Sir Albert Rollit said: “The Tweedmouth Committee was a one-sided tribunal; the officials were represented on it, but the men not at all….”

Captain Norton replied: “The Right Honorable Gentleman had also referred to the question of Members on both sides of the House coming to him for protection. That was very startling, because the reason they were there at all was that they might represent every section of their constituents,[206] … but presuming the Post Office servants were organized, he submitted they were within their rights to appeal to their Members…. If the postal officials were such terrible tyrants he hoped they would take note that they could never hope for fair play from the present Government. The Right Honorable Gentleman had appointed a packed jury of five individuals to deal with a fraction of the question…. In other words, he was going to take shelter behind this bogus committee…. He was going to appoint five Members, possibly sweaters, to determine the rate of wages…. It would be astounding if the postal officials accepted any such bogus arbitration. If it was to be a Board of Arbitration, why should not they have five postal servants added to the five employers of labor?” Captain Norton is a Junior Lord of the Treasury in the present Sir Henry Campbell-Bannerman Ministry.


On May 17, 1903, the National Joint Committee of the Postal Association unanimously resolved: “That this National Joint Committee views with extreme dissatisfaction the appointment of a Court of Inquiry which is not composed of members of Parliament, but is an altogether irresponsible body, and protests against the scope of the inquiry being limited to a single grievance and to a minority of the Staff. It pledges itself to continue to use every legitimate endeavor to obtain an impartial Parliamentary Committee of Inquiry into the causes of discontent in the postal and telegraph service.[207]

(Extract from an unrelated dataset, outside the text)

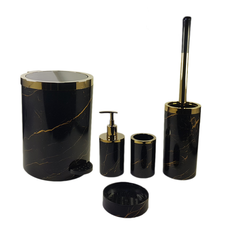 ست 5 تکه سرویس بهداشتی ،کمجا شیک با رنگ ثابت دربرابر آب و رطوبت دارای بهترین متریال پلاستیک فشرده شامل بالاترین تنوع طرح و رنگ آمیزی خاص، برای مشکل پسندان .که شامل سطل زباله ،جای مایع دستشویی، برس توالت شوی، جای صابون جامد و لیوان میباشد .

In August, 1903, the Postmaster General appointed a “Committee to inquire into the adequacy of the wages paid to certain classes of the postal servants.” The Committee consisted of: Sir Edward Bradford, until lately Chief Commissioner of the Metropolitan Police; Mr. Charles Booth, a Liverpool Merchant, and the author of “The Life and Labor of the People in London;” Mr. Samuel Fay, General Manager of the Great Central Railway; Mr. Thomas Brodrick, Secretary of the Co-operative Wholesale Society, Manchester; and Mr. R. Burbridge, Managing Director of Harrod’s Stores.[208]

FOOTNOTES:

[182] Who’s Who, 1903, Woods, Sam’l., M. P. for S. W. Lancashire, 1892 to 1895; M. P. (R.) for Walthamstow, Essex, 1897 to 1900; President of Lancashire Miners’ Federation; Vice-President of Miners’ Federation of Great Britain; Secretary of Trade Union Congress since 1894.

[183] Hansard’s Parliamentary Debates, February 18, 1898, p. 1,107 and following.

[184] Compare also Hansard’s Parliamentary Debates, April 22, 1874, p. 958 and following, and June 1, 1874, p. 797 and following. Parliamentary Papers, 1874, vol. IV: A Bill to Relieve Revenue Officers from remaining Electoral Disabilities; and 37 and 38 Victoriæ, c. 22: An Act to Relieve Revenue Officers from remaining Electoral Disabilities.